| EXERCISE DIRECTIONS |
Records follow. Pull out every line that contains "plus".

| Stored data entries |
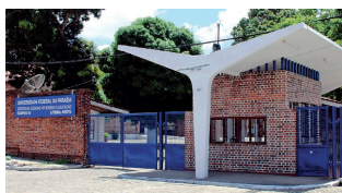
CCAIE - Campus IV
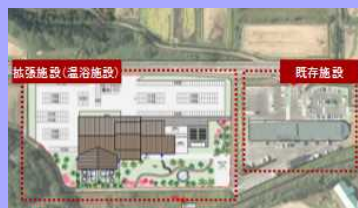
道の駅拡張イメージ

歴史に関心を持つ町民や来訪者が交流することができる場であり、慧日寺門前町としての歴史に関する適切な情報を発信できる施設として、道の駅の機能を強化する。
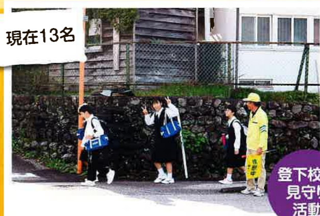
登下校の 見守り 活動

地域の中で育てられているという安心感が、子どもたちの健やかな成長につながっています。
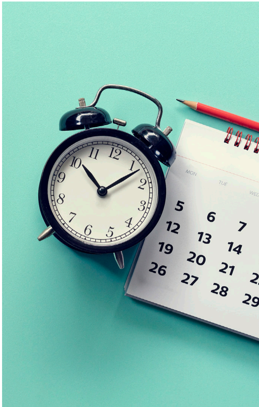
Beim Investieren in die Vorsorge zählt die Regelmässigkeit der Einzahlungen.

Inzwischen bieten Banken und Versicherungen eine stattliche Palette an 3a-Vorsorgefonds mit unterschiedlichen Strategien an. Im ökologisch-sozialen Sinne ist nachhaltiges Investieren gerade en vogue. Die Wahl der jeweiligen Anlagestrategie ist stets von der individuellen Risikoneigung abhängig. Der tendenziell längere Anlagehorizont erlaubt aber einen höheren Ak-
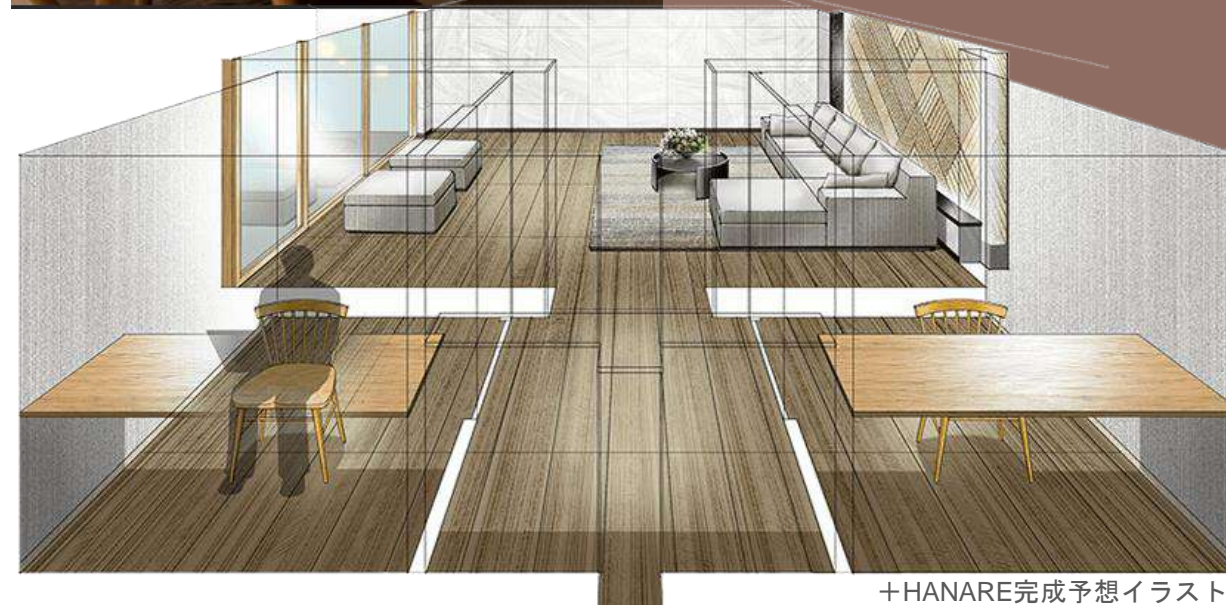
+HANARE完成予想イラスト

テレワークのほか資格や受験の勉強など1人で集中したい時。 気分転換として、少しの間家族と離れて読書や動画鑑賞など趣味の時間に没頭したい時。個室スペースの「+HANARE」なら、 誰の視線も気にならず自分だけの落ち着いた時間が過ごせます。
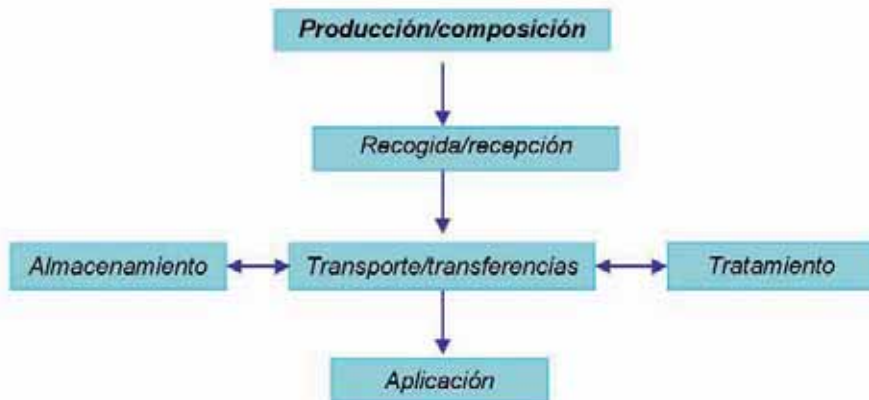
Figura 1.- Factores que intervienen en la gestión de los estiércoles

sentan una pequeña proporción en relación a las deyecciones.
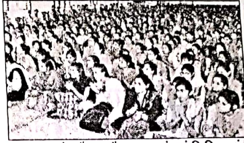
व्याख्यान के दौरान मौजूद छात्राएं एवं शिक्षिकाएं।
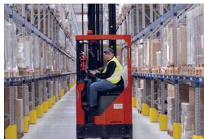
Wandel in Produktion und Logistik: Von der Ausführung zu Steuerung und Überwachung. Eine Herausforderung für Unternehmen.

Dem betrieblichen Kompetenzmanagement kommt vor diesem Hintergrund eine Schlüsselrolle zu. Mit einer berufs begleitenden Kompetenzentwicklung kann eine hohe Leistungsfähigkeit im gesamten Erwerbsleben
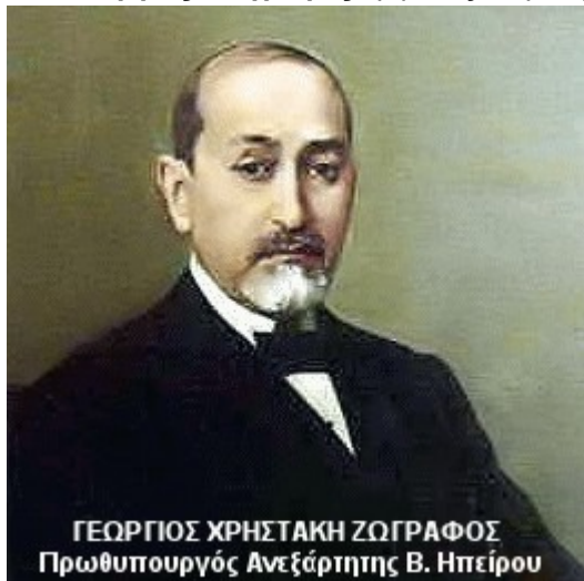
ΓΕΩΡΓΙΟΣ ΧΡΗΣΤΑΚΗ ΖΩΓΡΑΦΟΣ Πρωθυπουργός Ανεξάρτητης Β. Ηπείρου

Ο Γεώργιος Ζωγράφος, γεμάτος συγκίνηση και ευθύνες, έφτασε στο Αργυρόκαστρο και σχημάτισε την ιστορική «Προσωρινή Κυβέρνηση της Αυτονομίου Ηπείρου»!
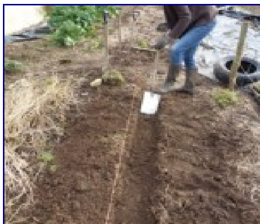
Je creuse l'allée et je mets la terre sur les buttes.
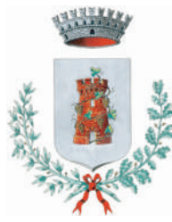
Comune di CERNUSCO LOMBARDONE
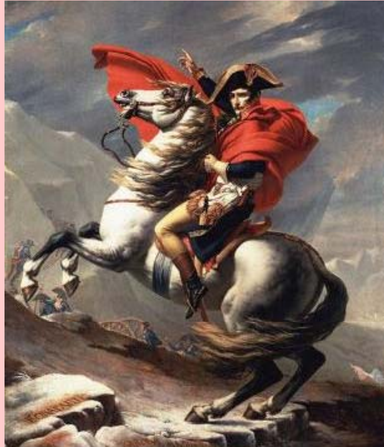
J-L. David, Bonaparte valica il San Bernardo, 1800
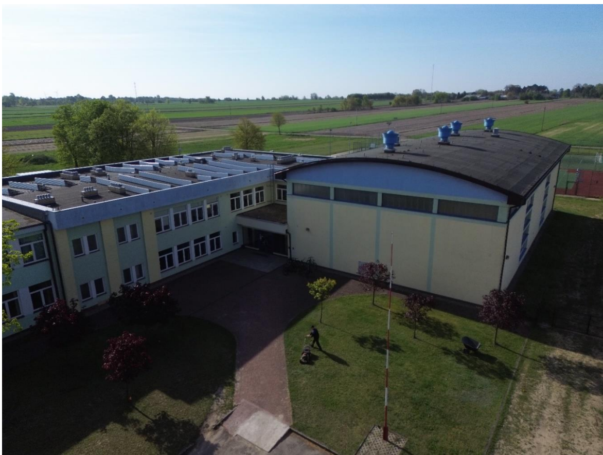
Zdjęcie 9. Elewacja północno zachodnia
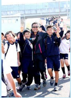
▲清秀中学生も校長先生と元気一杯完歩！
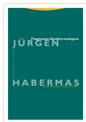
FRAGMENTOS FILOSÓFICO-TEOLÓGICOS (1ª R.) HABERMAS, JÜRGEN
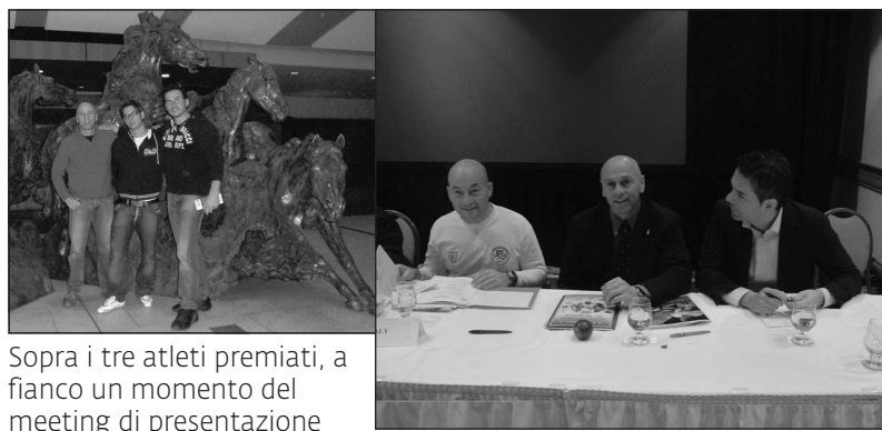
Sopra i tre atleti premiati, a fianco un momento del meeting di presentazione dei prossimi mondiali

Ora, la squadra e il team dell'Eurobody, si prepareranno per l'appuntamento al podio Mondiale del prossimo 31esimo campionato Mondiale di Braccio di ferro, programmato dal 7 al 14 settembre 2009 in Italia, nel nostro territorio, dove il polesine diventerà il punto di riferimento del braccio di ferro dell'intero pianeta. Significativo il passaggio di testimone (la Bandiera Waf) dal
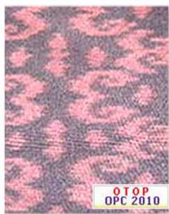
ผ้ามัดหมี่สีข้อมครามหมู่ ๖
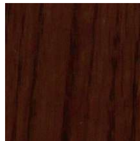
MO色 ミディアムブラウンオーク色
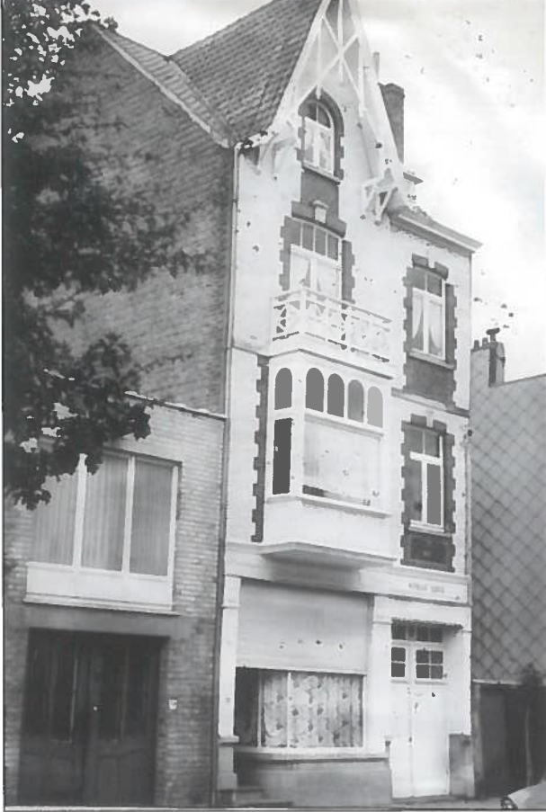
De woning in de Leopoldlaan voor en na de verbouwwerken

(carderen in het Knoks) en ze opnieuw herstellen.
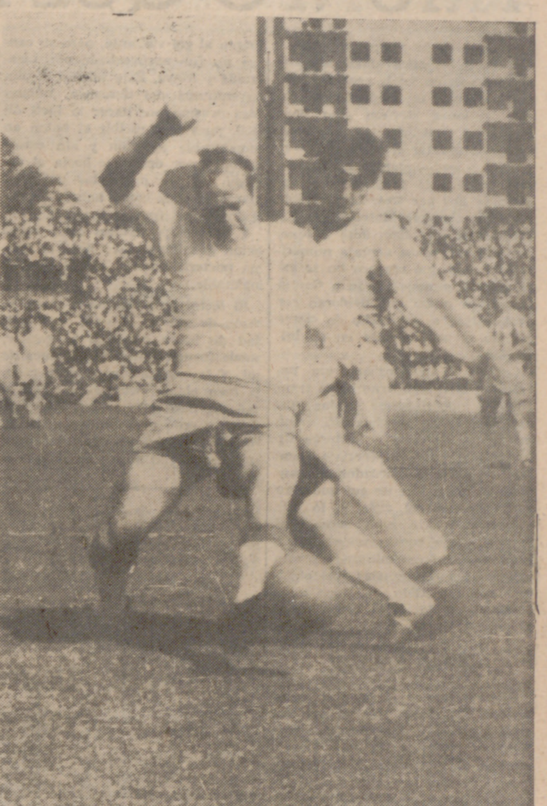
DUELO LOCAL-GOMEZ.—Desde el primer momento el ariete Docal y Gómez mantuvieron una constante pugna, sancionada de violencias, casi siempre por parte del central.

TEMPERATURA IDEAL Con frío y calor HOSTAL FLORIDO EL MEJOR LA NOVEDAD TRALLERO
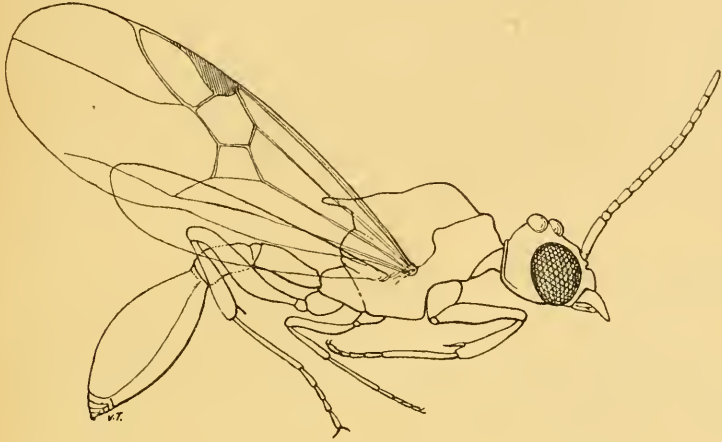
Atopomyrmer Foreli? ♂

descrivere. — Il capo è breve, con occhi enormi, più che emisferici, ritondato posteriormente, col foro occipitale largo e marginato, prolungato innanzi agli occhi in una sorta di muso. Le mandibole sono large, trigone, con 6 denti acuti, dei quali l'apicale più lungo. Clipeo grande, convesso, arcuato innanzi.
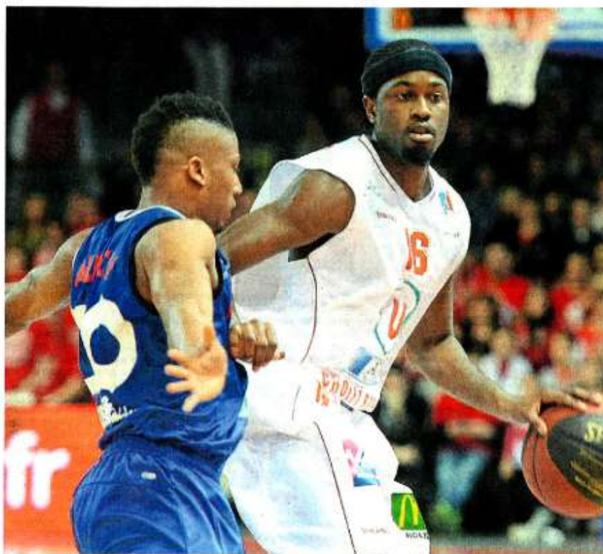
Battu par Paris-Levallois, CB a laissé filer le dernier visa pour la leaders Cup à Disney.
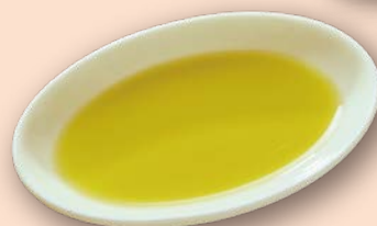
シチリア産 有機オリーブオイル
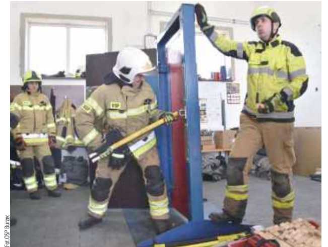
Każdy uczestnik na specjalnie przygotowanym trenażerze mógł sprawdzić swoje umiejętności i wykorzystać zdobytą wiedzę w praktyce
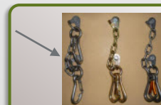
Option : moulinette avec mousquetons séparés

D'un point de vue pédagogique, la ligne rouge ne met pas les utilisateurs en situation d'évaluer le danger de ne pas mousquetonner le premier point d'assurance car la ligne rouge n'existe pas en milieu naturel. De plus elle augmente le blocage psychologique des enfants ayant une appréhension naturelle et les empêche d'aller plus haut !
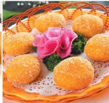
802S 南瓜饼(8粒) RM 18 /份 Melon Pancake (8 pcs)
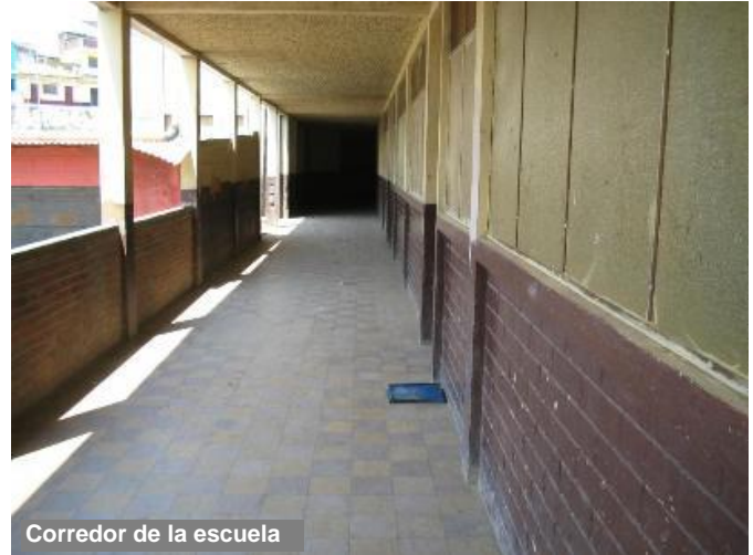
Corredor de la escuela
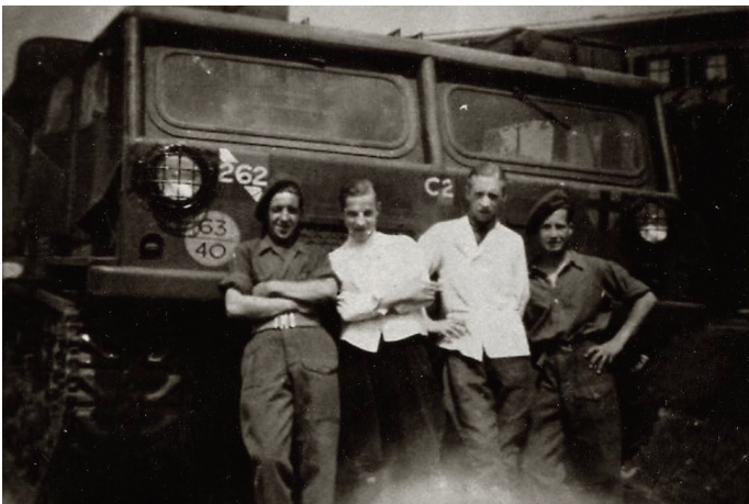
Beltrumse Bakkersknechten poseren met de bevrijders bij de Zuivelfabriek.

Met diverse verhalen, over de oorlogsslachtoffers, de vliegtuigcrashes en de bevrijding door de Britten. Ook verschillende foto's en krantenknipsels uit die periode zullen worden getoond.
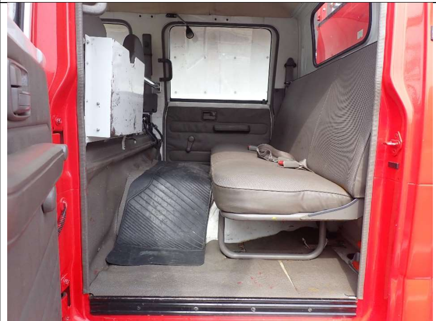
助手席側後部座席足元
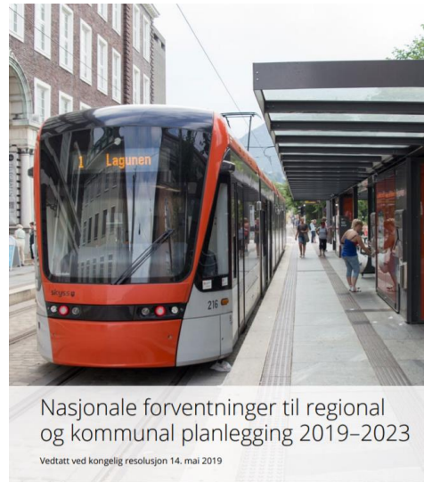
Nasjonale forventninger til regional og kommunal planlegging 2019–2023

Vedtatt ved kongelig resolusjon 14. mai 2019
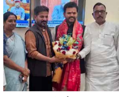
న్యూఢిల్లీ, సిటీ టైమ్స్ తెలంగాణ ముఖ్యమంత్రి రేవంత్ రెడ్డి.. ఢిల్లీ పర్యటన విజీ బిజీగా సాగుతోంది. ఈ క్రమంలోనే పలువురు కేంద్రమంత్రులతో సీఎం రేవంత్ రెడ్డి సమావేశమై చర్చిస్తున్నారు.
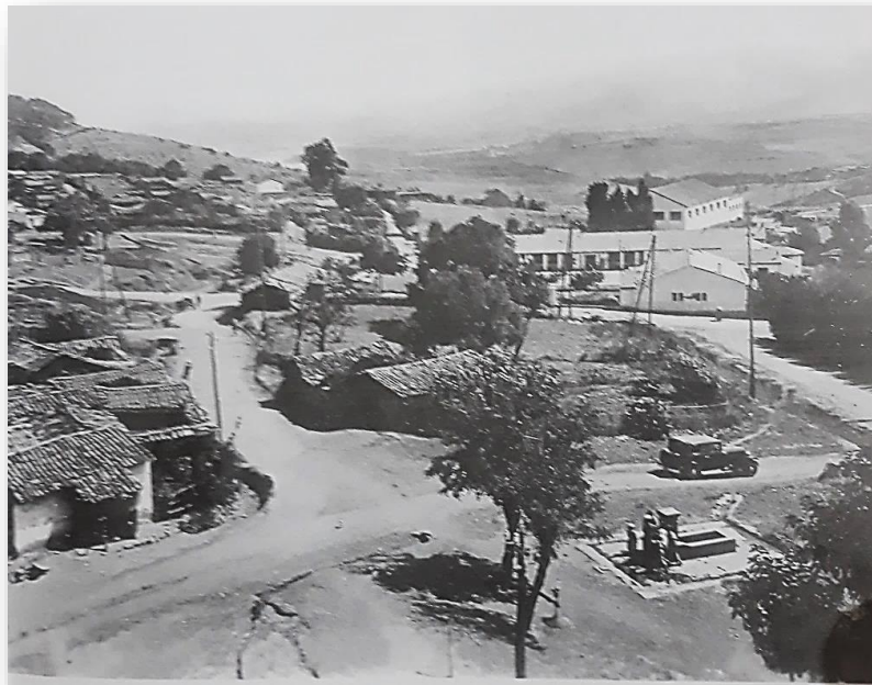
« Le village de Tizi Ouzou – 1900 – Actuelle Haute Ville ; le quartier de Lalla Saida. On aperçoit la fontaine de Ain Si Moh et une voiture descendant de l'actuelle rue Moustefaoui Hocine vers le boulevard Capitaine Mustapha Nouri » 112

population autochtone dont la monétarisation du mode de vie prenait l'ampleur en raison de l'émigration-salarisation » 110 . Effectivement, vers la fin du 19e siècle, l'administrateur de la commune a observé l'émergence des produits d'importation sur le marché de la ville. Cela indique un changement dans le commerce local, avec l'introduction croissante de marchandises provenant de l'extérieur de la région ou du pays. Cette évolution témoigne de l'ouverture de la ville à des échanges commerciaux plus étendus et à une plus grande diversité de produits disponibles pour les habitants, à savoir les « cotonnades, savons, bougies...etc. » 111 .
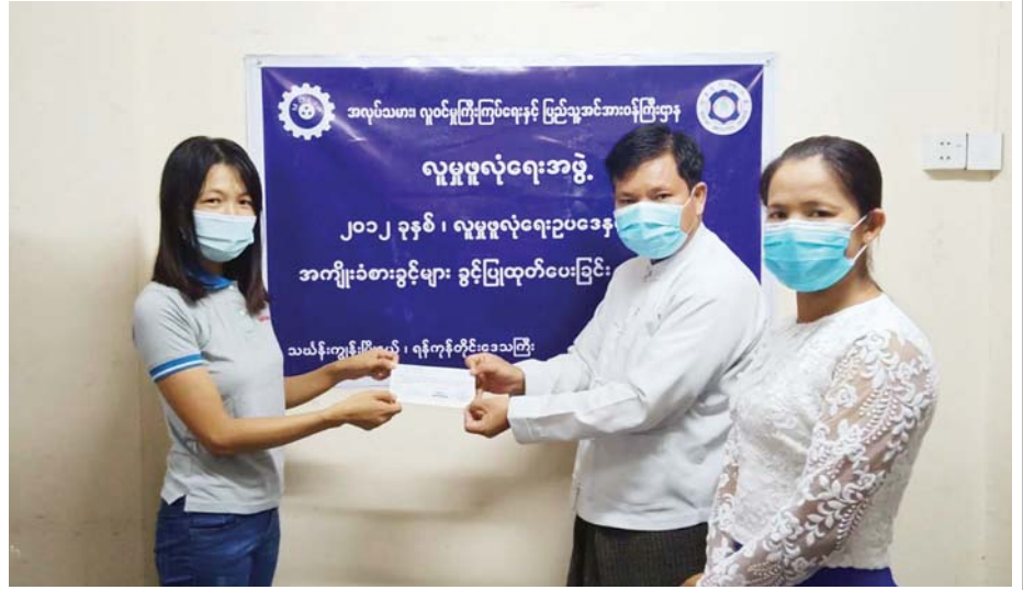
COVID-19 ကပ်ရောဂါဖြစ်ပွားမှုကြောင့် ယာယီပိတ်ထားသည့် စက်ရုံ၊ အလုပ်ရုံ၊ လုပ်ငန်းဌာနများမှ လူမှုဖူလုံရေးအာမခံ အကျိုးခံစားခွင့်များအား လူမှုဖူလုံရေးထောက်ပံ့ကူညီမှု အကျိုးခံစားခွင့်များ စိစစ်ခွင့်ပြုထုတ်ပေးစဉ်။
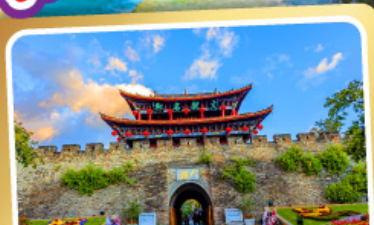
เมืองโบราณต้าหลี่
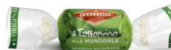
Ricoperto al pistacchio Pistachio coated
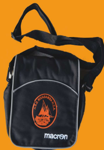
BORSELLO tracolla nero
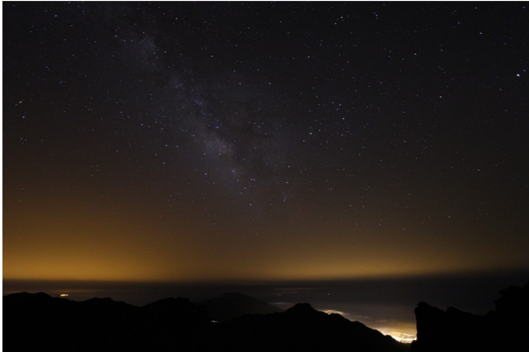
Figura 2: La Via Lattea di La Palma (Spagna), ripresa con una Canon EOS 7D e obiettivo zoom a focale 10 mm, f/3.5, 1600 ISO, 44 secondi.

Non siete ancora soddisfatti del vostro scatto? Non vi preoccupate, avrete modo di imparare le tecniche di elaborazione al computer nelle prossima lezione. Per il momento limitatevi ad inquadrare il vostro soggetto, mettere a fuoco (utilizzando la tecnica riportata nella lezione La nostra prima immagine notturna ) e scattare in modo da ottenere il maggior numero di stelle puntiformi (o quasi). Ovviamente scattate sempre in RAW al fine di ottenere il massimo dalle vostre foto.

| ANSWER FOR THE TASK |
D'un point de vue pédagogique, la ligne rouge ne met pas les utilisateurs en situation d'évaluer le danger de ne pas mousquetonner le premier point d'assurance car la ligne rouge n'existe pas en milieu naturel. De plus elle augmente le blocage psychologique des enfants ayant une appréhension naturelle et les empêche d'aller plus haut !
population autochtone dont la monétarisation du mode de vie prenait l'ampleur en raison de l'émigration-salarisation » 110 . Effectivement, vers la fin du 19e siècle, l'administrateur de la commune a observé l'émergence des produits d'importation sur le marché de la ville. Cela indique un changement dans le commerce local, avec l'introduction croissante de marchandises provenant de l'extérieur de la région ou du pays. Cette évolution témoigne de l'ouverture de la ville à des échanges commerciaux plus étendus et à une plus grande diversité de produits disponibles pour les habitants, à savoir les « cotonnades, savons, bougies...etc. » 111 .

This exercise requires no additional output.